Маргарита Карловна вспоминала, улыбаясь, что когда он сам понял, что все может кончиться запоем, он предложил: "Пойдем к врачу". Заплатили большие деньги. После третьего сеанса он твердо заявил: "Не буду я больше ездить к этому сукиному сыну". "А почему, в чем дело, Сережа?" – спросила жена. Под ее хохот, он ответил: «Я должен сидеть и повторять за ним: "Я больше не пью, я больше не пью!.." Но ты понимаешь, Маргош, а я-то гляжу на него и вижу: ведь врет, сукин сын, сам-то пьет! Точно – пьет!"...»
В пятидесятые годы, по приглашению руководителей авиационной промышленности Китайской Народной Республики Анохин в течение трех месяцев работал в КНР в качестве летчика-испытателя и наставника китайских летчиков. Китайские специалисты долгое время не могли справиться с довольно интенсивной вибрацией двигателя опытного самолета. В конце концов с помощью Анохина проблема тряски была снята. Машина – копия нашего МиГ-17 – пошла в серию, а летчик вернулся домой полный впечатлений и с сознанием выполненного долга. Соседняя, союзная страна жила бедно, китайские летчики летали полуголодные, питаясь одним рисом. (Сейчас всем, кто видел и видит разносторонние успехи Китая последних лет, в это трудно поверить, но тогда было именно так). Анохин практически всю свою зарплату ухлопывал на своих китайских коллег-летчиков. Он кормил и поил их. Научился вместе с ними есть змей и трепангов, как рассказывал жене, а, главное, постарался передать им свой богатый летный опыт.

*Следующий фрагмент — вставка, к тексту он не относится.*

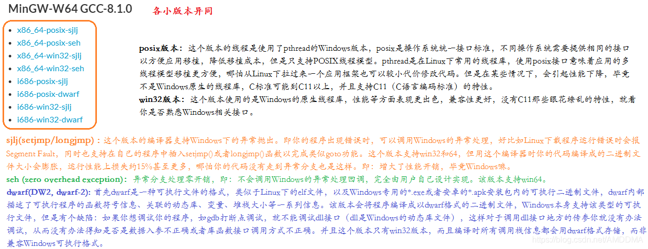 其中Windows下的gcc也有很多小版本,具体的含义如下,根据网上资料搜索并按照个人理解所言,难免有问题
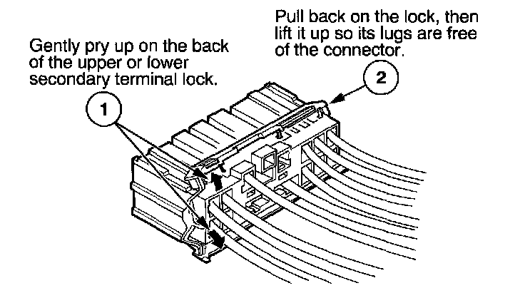 - If it has a secondary terminal lock, go to Connectors With a Secondary Lock. A secondary lock, found on most connectors on some models, is an additional locking device on the connector housing as a backup for the primary lock on the terminal.
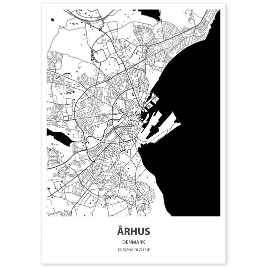 Lámina Mapa de Arhus - Dinamarca en Negro
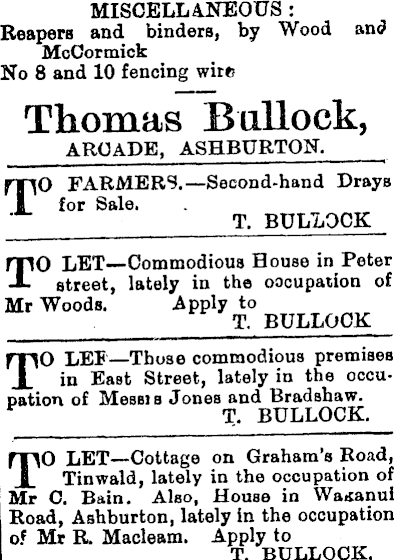 MISCELLANEOUS : Reapers and binders, by Wood and McCormick No 8 and 10 fencing wire Thomas Bullock, ARCADE, ASHBURTON. TO FARMERS. —Second-hand Drays for Sale. T. BULLOCK TO LET—Commodious House in Peter street, lately in the occupation of Mr Woods. Apply to T. BULLOCK TO LEl—Those commodious premises in East Street, lately in the occupation of Messis Jones and Bradshaw. T. BULLOCK. TO LET—Cottage on Graham’s Road, Tinwald, lately in the occupation of Mr C. Bain. Also, House in Wa«canui Road, Ashburton, lately in the occupation of Mr R. Macleam. Apply to T. BULLOCK.

Судя по записям в летной книжке, в Китае Анохин выполнил за период с 28 декабря 1957 г. по 1 февраля 1958 г. 14 полетов. Все они, кроме последнего полета на учебном УМиГ-15Д, были выполнены на самолете МиГ-17ФД.

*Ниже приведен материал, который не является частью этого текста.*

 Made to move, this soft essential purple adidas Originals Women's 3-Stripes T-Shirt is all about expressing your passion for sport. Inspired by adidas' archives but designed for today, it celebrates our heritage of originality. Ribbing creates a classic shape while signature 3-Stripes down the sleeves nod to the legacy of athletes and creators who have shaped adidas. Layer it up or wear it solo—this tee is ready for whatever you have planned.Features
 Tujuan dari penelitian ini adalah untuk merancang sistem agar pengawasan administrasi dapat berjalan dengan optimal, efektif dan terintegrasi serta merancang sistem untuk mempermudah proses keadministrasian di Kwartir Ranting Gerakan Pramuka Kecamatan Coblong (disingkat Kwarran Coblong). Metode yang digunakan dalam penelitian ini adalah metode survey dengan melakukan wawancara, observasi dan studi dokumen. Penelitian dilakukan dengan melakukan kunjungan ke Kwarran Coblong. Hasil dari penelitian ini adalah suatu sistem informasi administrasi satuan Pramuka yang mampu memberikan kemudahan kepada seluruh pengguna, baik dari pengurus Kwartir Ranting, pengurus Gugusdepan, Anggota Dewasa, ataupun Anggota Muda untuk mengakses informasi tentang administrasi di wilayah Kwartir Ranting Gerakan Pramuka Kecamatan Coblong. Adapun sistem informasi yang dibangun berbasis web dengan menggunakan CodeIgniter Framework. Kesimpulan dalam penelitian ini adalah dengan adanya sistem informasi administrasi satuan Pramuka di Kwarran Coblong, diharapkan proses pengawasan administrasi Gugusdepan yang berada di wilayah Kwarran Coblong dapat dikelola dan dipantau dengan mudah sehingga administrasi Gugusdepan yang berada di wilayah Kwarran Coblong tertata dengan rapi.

Из Китая Анохин привез Бурцевым картину на шелке, которая и сегодня украшает их квартиру. По словам Бурцева, Анохин обучал китайских летчиков выводу самолета из штопора... Думаю, это неточно. Будучи неоднократно в командировках в КНР, я давно и безуспешно пытался узнать хоть что-то о работе Анохина в Китае – в частности, в наиболее известных ОКБ, работавших в городах Шеньяне и Ченгду. Наводил справки и в Академии наук в Пекине, и среди летчиков испытателей – но безуспешно. Собеседники обещали разузнать что-либо, переговорить со "стариками" – но долгое время никаких новостей на этот счет не было. И вот, наконец, благодаря столь же давним и настойчивым усилиям руководителя музея ЛИИ Марии Федоровны Леоновой, из Китая пришла долгожданная и подробная весточка. Письмо написала вдова китайского летчика-испытателя Сюн-яня: "Вся наша семья часто и по-доброму вспоминает летчика-испытателя Анохина. Он во многом помог Сюн-яню и китайской авиационной промышленности во время своего приезда в Китай. В то время шеньянский завод № 112 выпускал реактивные самолеты М-17. Вибрации этого самолета в полете были столь сильными, что завод остановил их производство. Китайские летчики-испытатели во главе с Сюн-янем не могли решить возникших проблем, пока на завод не прибыл Анохин. Он выполнил испытания, после которых завод возобновил производство. Сюн-янь был очень благодарен Анохину за его помощь в решении трудной задачи. После этого они оба отправились в провинцию Гуандунг. Там Анохин также участвовал в испытаниях некоторых самолетов.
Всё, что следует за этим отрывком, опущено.